Given the records below, the lines starting at the line with "Digital Sheet Music" and ending at the line with "настоящего живого пива." should be output exactly, both end lines kept and pictures left out.

**Records provided:**
-=-=-
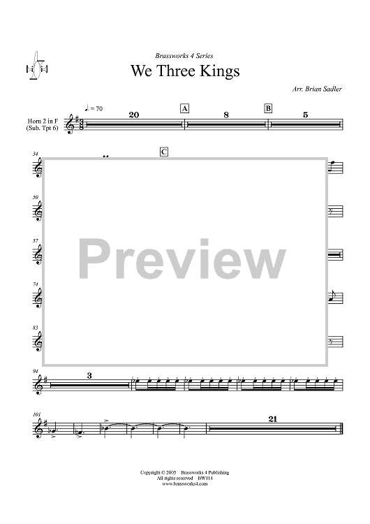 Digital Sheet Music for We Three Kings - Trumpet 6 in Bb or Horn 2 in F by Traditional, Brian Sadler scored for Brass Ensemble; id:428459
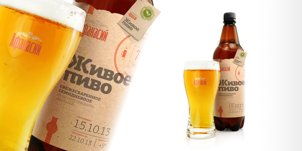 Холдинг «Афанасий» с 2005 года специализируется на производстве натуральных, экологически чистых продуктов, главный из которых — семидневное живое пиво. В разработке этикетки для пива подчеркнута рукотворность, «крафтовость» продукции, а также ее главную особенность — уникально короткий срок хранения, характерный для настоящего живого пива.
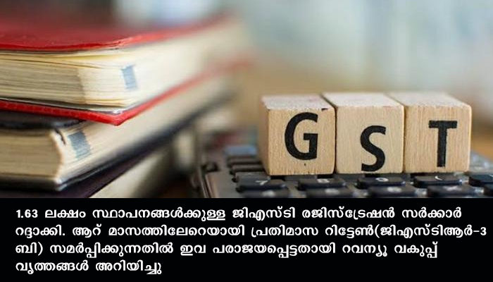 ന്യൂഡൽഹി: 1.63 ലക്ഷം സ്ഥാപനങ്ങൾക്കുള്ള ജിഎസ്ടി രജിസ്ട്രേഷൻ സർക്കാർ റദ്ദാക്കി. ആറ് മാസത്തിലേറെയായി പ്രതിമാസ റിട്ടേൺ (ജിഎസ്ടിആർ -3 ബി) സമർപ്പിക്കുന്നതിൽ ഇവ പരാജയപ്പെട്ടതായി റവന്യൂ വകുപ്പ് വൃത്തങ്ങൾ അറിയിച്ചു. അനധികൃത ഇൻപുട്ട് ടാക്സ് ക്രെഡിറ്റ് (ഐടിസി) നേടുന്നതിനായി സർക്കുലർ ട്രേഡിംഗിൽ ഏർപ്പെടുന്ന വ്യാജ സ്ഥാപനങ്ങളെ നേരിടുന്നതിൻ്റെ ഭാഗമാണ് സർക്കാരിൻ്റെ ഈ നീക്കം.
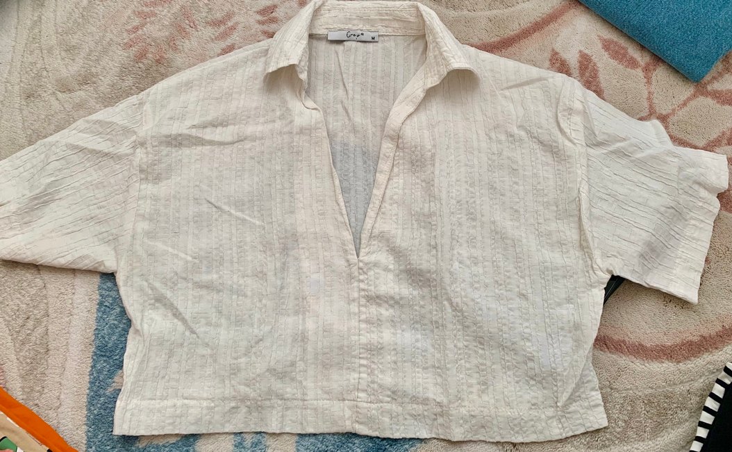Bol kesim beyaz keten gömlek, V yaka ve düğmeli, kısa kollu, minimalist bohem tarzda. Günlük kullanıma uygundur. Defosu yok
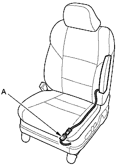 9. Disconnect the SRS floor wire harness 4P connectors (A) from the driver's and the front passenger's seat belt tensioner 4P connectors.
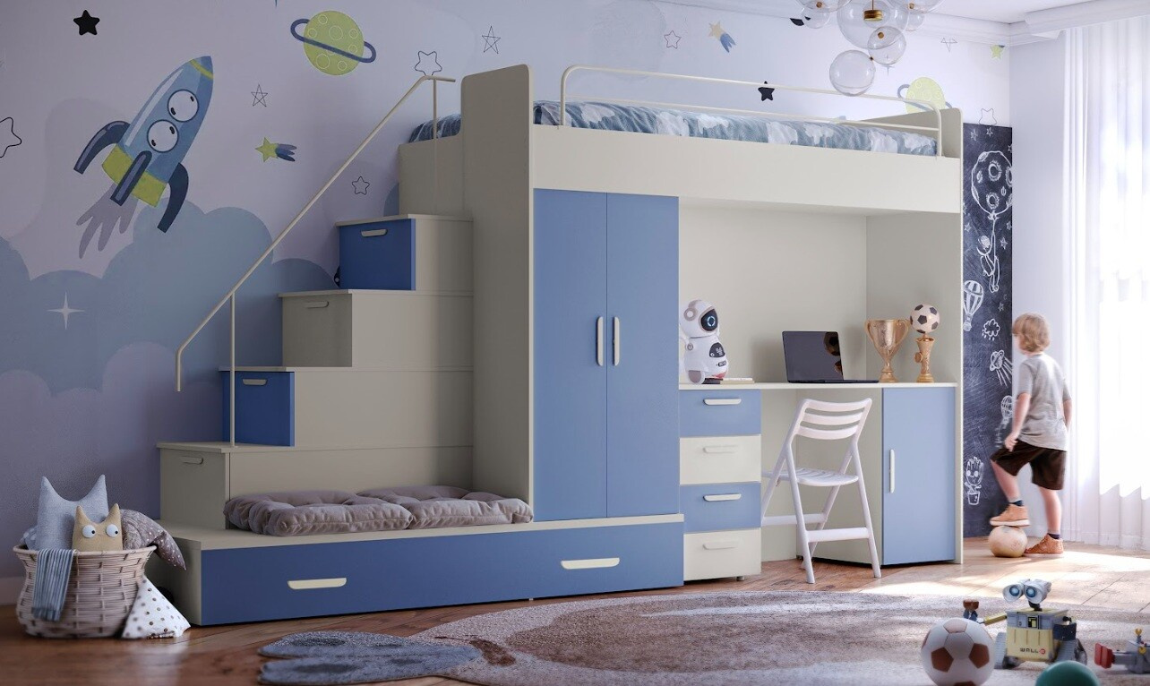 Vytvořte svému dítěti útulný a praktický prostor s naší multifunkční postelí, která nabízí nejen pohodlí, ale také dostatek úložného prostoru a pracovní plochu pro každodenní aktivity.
-=-=-
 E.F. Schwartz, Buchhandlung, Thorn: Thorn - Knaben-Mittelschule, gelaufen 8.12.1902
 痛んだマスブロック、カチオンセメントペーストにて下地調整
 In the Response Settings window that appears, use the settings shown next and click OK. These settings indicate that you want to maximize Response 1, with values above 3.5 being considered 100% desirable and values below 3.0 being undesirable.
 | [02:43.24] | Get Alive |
-=-=-
**Answer section:**
 Digital Sheet Music for We Three Kings - Trumpet 6 in Bb or Horn 2 in F by Traditional, Brian Sadler scored for Brass Ensemble; id:428459
 Холдинг «Афанасий» с 2005 года специализируется на производстве натуральных, экологически чистых продуктов, главный из которых — семидневное живое пиво. В разработке этикетки для пива подчеркнута рукотворность, «крафтовость» продукции, а также ее главную особенность — уникально короткий срок хранения, характерный для настоящего живого пива.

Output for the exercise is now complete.